In a 47-page “Commonwealth’s Protocol for Implementation of U.S. Public Law 110-229 or the Consolidated Natural Resources Act,” Howard P. Willens, the governor’s special legal counsel, said the U.S. Department of Homeland Security’s policy requiring documented foreign workers who hold CNMI-issued labor or entry permits to secure the appropriate U.S. visa to be able to return to the commonwealth is “unnecessary, highly damaging to the commonwealth and its citizens, and unacceptable from the commonwealth’s point of view.”
“DHS has authority to waive these restrictions and should do so. Anyone who holds a CNMI-issue permit or a federally issued CNMI-only permit is not a threat to U.S. national security and should be allowed to continue employment if they leave the CNMI and return during the term of the permit,” said Willens.
The protocol will be observed once DHS takes control of the islands’ immigration system.
Willens said he and the Attorney General’s Office worked on the protocol manual “to collect our policies for reference by all concerned in both the public and private sectors in the commonwealth and by the responsible federal agencies.”
U.S. P.L. 110-229 mandates the application of the U.S. Immigration and Naturalization Act to the CNMI beginning on Nov. 28.
This means all local laws relevant to labor and immigration will be superseded by federal statutes.
The governor has filed a lawsuit in a federal court in Washington, D.C. challenging the labor-related provisions of the federalization law and seeks a permanent injunction of its application.
U.S. District Court of Columbia Judge Paul Friedman put under advisement the case since the last hearing took place in March.
Willens said the protocol manual covers the period before Nov. 28, 2009 and 90 days thereafter.
He said if the federal judge rules in favor of the CNMI’s contention that certain provisions in the federalization law violate the Covenant, the protocol will be adjusted.
Majority of CNMI employers chose to renew their foreign workers’ contracts for two years to buy more time for their presence amid fears that they will eventually be asked to return home.
Under the federalization law, there should be no guest workers on the islands by 2014.
In his interpretation of the law which was concurred by DHS, Willens said CNMI-issued permit holders cannot be removed or deported from the islands during the validity date.
However, they are required to secure the necessary U.S. visa, i.e. employment-related, to be able to return to the CNMI, should they decide to exit for whatever reasons.
“Implementing this policy will burden the CNMI’s economy. Some CNMI-permit holders who are citizens of visa-waiver countries, such as Japan and Korea, will be able to return to the CNMI as tourists, a status for which they do not need visas, but according to [the U.S. Citizenship and Immigration Services], they will be unable to resume their status as investors, workers or students,” said Willens.

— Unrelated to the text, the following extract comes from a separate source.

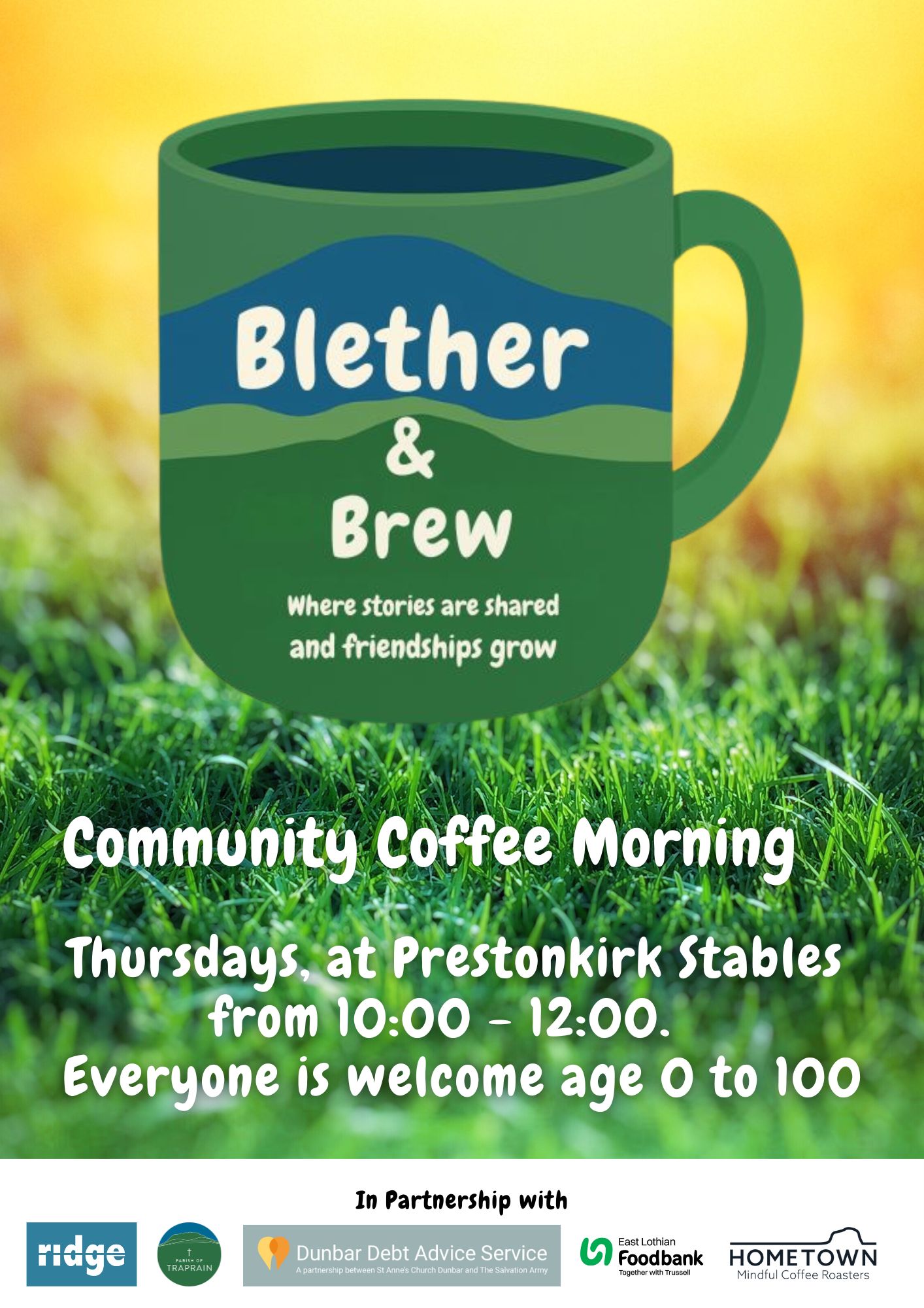 This is a partnership between the Church, The Ridge, Dunbar Debt Advice Service and East Lothian Foodbank. We are also grateful for the coffee supplied by Hometown. Support and advice is freely available and includes: Benefit support, Foodbank, Befriending, Budgeting and Housing Support, Recovery support and access to volunteering and wellbeing services.

USCIS later advised the local government there will be special CNMI-only visas that the U.S. Department of State will create for workers, students, investors and others holding CNMI-issued permits or federally-issued CNMI-only permits.
Further, USCIS said those who will exit for emergency purposes will be offered a parole process to allow to re-enter temporarily without a visa.
But Willens said this process is still unnecessary and burdensome.
“Persons who have been admitted to the commonwealth and exit temporarily cannot re-enter any part of the U.S. except the commonwealth using their commonwealth-issued permits. The system of using commonwealth-issued credentials for re-entry has worked very well for 30 years. There has never been an adverse incident caused by re-entry. Travel to a U.S. consulate to obtain a visa, especially in China and Russia, is very expensive,” he added.
As of last year, it was estimated the CNMI had 16,000 documented foreign workers.